Sein Win (, ) is a Burmese politician, who served as Chairman of National Coalition Government of the Union of Burma, a "government in exile". He was made unofficial Prime Minister of the Union of Burma, on being elected by the 1990 People's Assembly known as the National Coalition Government of the Union of Burma, a government-in-exile since 1990.

Biography
Sein Win was born on 16 December 1944 in Taungdwingyi, Magway District, Burma; he was son of Ba Win and Khin Saw. His father Ba Win, was the elder brother of General Aung San and was part of the cabinet of Aung San. Ba Win was assassinated in 1947, together with Aung San and most of the members of the cabinet, just before Burma gained independence. Sein Win received his Bachelor of Science (Hons) degree in mathematics from University of Rangoon in 1966
. He received a diploma in mathematics in 1974, and a Doctorate of Science (Doctor rerum naturalium) from Hamburg University in Germany.

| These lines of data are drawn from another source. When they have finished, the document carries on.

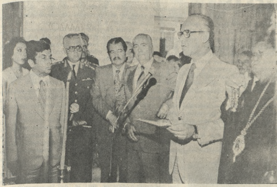
Ένα στιγμιότυπο από τα χθεσινά έγκαίνια του νέου Υποκαταστήματος της Γενικής Τραπεζής της Ελλάδος. Φωτορεπορτάζ: Β. ΔΡΟΣΟΣ τηλ. 221830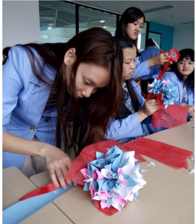
Gambar 10. Buket bunga diberi kertas pembungkus dan pita

Dengan demikian para ibu telah dapat membuat sebuah produk final berupa buket bunga yang dapat berfungsi sebagai hand bouquet atau dirangkai di vas bunga dan diletakkan di berbagai tempat di sebuah ruangan.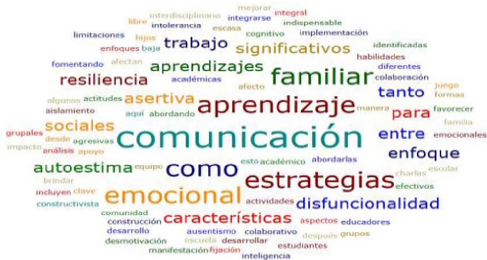
Figura 4. Disfuncionalidad Familiar y su Impacto en el Aprendizaje: Estrategias de Mitigación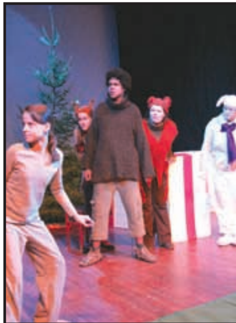
Kuono kohti joulua; Teatteri- ja Sirkuskoulun oppilaiden yhteistyö

Teatteri- ja Sirkuskoulun yhteistyö, tunnelmallinen Kuono kohti joulua –esitys johdatteli katsojat mukavasti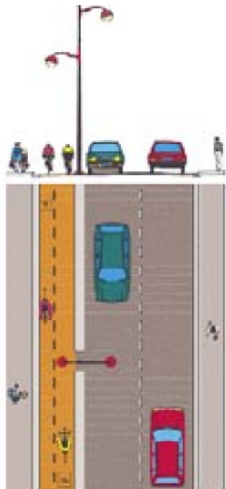
Projet de renouvellement urbain Rue F.Chédin

un parking de 32 places sera aménagé rue Félix Chédin, à l'angle de la rue Ampère ; d'autre part des places de stationnement seront aménagées dans la partie nord de la rue plus large, ainsi que rue de la sente aux Loups.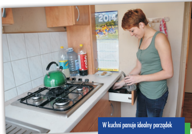
W kuchni panuje idealny porządek

W kuchni panuje idealny porządek. Młodzi ludzie sami gotują sobie posiłki,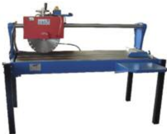
ΚΟΦΤΗΣ ΠΛΑΚΑΔΩΝ DYN (62-12-000250)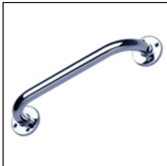
Barre d'appui droite, 300 mm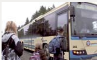
Församlingsresan görs med buss, men det blir inte med skolbussen som sjutsar skolbarn till Bureå.

Resan går till Åmsele och Vindelns via Kalvträsk och Mårdseleforsarna. Vi besöker kyrkan i Kalvträsk, kokar kaffe vid Mårdseleforsen. Resan går vidare till Åmsele där vi bl a tittar på och hör om "Försoningsplats". Vi äter middag i Vindelns och sedan går bussresan hem mot Bureå.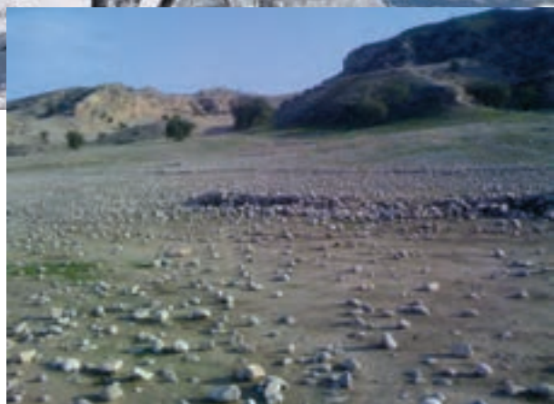
شکل ۱۲- منطقه گرمسیر استان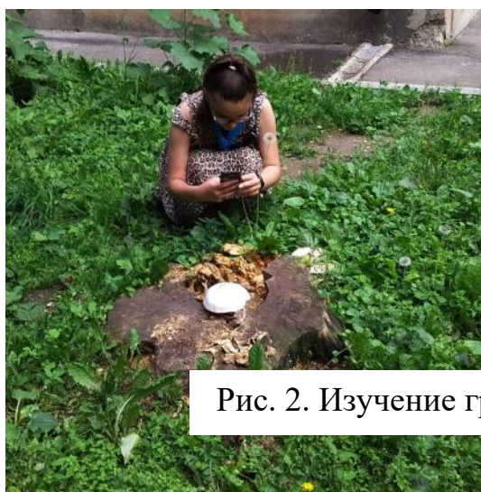
Рис. 2. Изучение грибов на пешеходном маршруте

При обнаружении грибов регистрировались место и декада месяца их обнаружения. Затем производилось фотографирование грибов, и отбирались образ-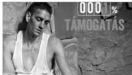
MAGABIZTOS ÜZENET A VILÁGHÁLÓN

A református egyház jól szerepelt a tavalyi Hipnózison is. Akkor a Társadalmi Célú Hirdetések között aratott. Elhozta a Print kategória harmadik helyezését az Egy asztalnál ülünk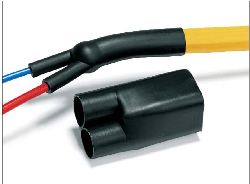
Eindafdichting HEV voor tweaderige kabel.

HEV-eindafdichtingen garanderen slijtvastheid en trekbelasting voor twee-, drie- en vieraderige kabels bij het leggen van alle gangbare kabeltypen conform VDE 0271 en 0272 (0,6 - 1,0 kV), zowel binnen als buiten. De inwendige lijmlaag dicht de leidingen af tegen vocht.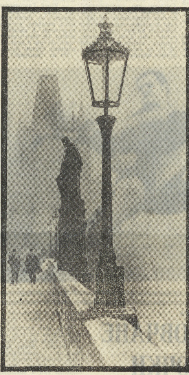
На снимках: вожатые делятся опытом (вверху справа); на Карловом мосту в Праге; в одной из пражских школ свердловчан провожали песни.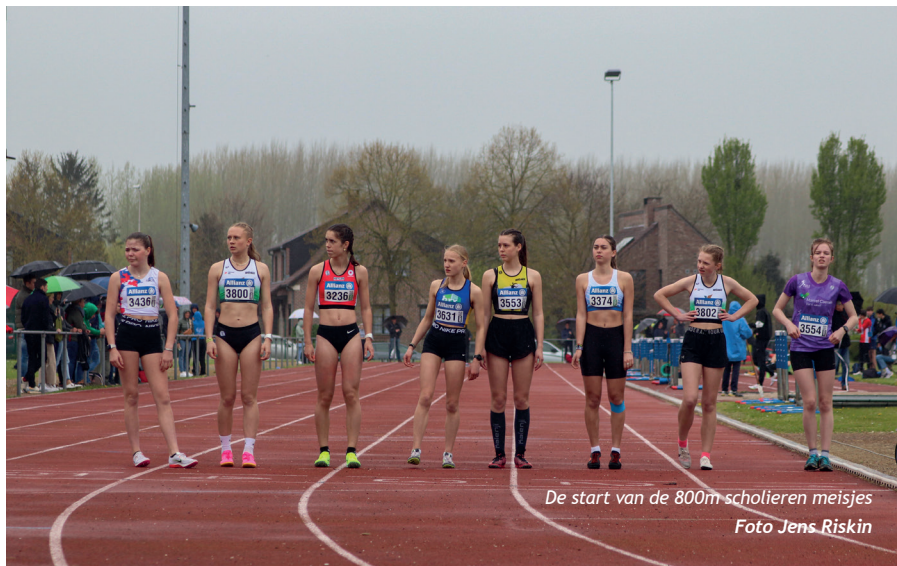
De start van de 800m scholieren meisjes

Na de Limburgse veldloopkampioenschappen in januari was TACT Sint-Truiden ook gastheer voor de provinciale pistekampioenschappen. Die verliepen met regenvlagen en een koude wind in niet al te beste weersomstandigheden. Een te forse rugwind blies tal van mooie spurtchrono's en springprestaties dan ook recht de prullenmand in. Ondanks die ongunstige omstandigheden kwamen er zo vroeg in het nog prille baanseizoen toch heel wat veelbelovende resultaten op het scorebord en blonken veel atleten met meer dan één titel op het erepodium.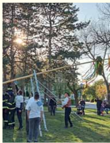
V Parku pod lipami sme postavili tradičný máj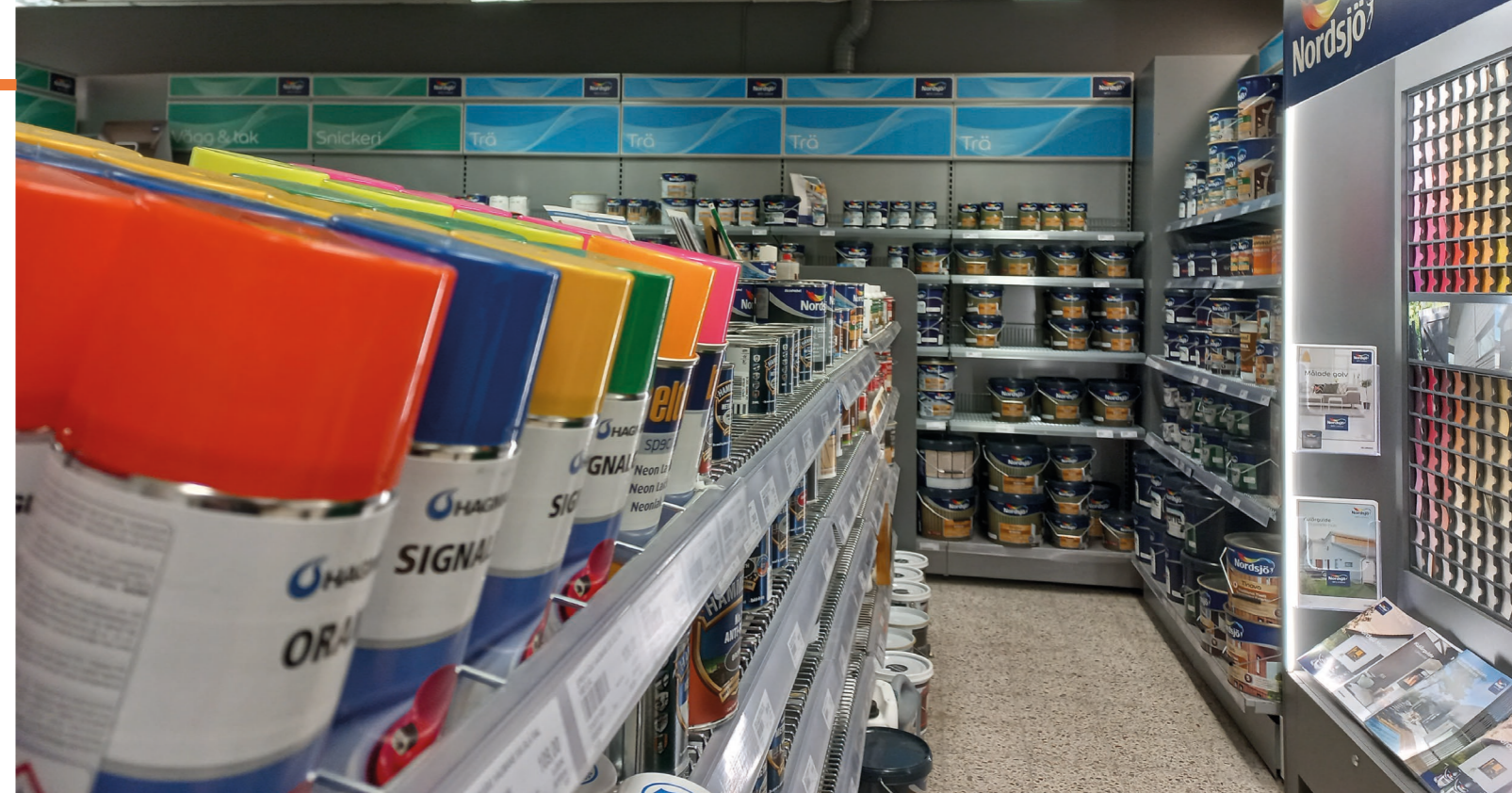
Färgavdelningen med mycket av välja mellan.

-Det är jätteroligt att vi kan sälja utanför kommunen. Sen märker vi ju att det kommer in många kunder från grannkommunerna. Sönt är jätteroligt. Att vi kan ta in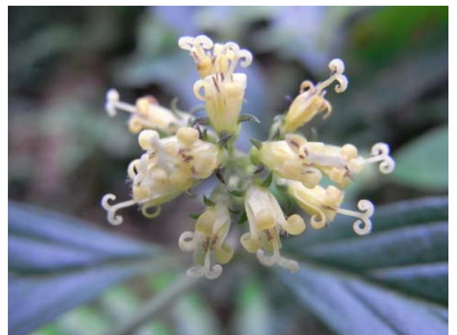
南投涼喉茶可愛的花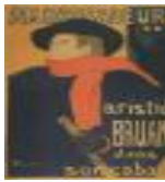
絵画名 アンバサドルのアリスティード・ブリュアン 作者名 アンリ・ド・トゥールーズ=ロートレック 備考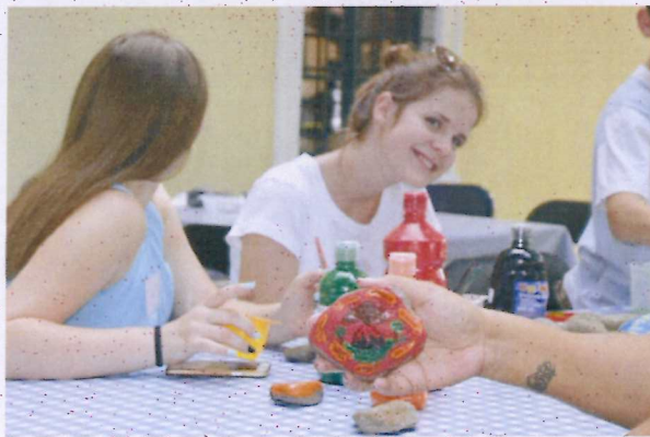
5. ábra Kavicsfestés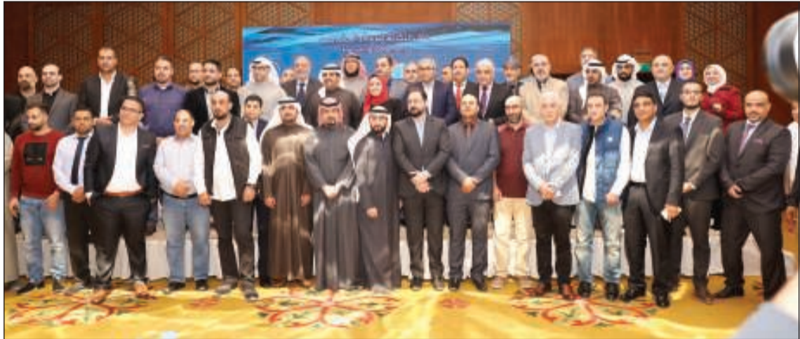
صورة جماعية للمشاركين

من تقنيات وتطورات، كما استطاع أن يوفر كل احتياجات البناء، وأحدث وأرقى منتجات التشطيبات والديكور التي تتوافق مع ذوق المواطن الكويتي. وأضاف أن الدورة الحالية للمعرض، حملت أفكاراً جديدة لمختلف مراحل عملية البناء، ما يدعم ثقة الجهات الحكومية والخاصة ذات العلاقة بهذا التجمع الوطني السنوي الكبير والمهم، معربة عن سعادتها بالنجاح الباهر الذي حققه المعرض في الدورة الحالية، بالإضافة إلى نجاح ورش العمل التي نجح ورش العمل المقدم من جهات مختلفة والتي كان من بينها ورشة العمل الخاصة بوزارة الكهرباء والمباني الذكية، وورش العمل الخاصة بفريق عمل تشطيباتي تحت عنوان «رحلة بناء» مختلف المنتجات المتعلقة بمستلزمات البناء والتشييد والتعرف على مواد البناء الحديث والتصميم الداخلي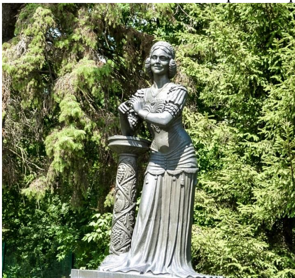
Рис. 6. Памятник Надежде Плевицкой в селе Винниково.

Село Винниково. Недалеко Курска, в верховьях речки Виногробль, расположено село Винниково. Свою известность село получило благодаря уроженке этих мест - Надежде Васильевне Плевицкой (см.рис.6). 3 октября 2009 года, к 130-летию со дня рождения певицы, в селе был торжественно открыт музей Н.В. Плевицкой. Экспозиция, выставленная в музее, посвящена не только биографическим подробностям знаменитой землячки, музей так же знакомит посетителей с историей её родного села Винниково.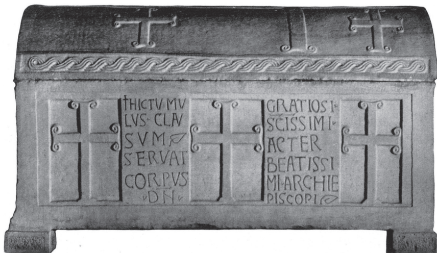
Fig. 9: Ravenna, chiesa di Sant'Apollinare Nuovo, sarcofago dell'arcivescovo Grazioso.

esempio — riduce il numero degli esemplari ancora nella collocazione originaria e dunque impedisce di comprendere appieno quali fossero le strategie comunicative che ad essi venivano espressamente associate. 47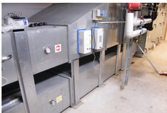
Direkte ind i ventilationen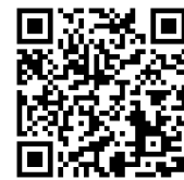
JICA海外協力隊 活動分野/職種

体験談を通じて、異文化理解、SDGs、国際協力、キャリア教育などについても学習できます。

He served as a tutor at Rangoon University up to his scholarship to Hamburg University and lecturer at University of Colombo in Sri Lanka from 1980 to 1981 and at Nairobi University in Kenya from 1982 to 1984.

References

Recordings and Photos of the Prime Minister's visit to the College Historical Society on behalf of his cousin Aung San Suu Kyi in October 2007.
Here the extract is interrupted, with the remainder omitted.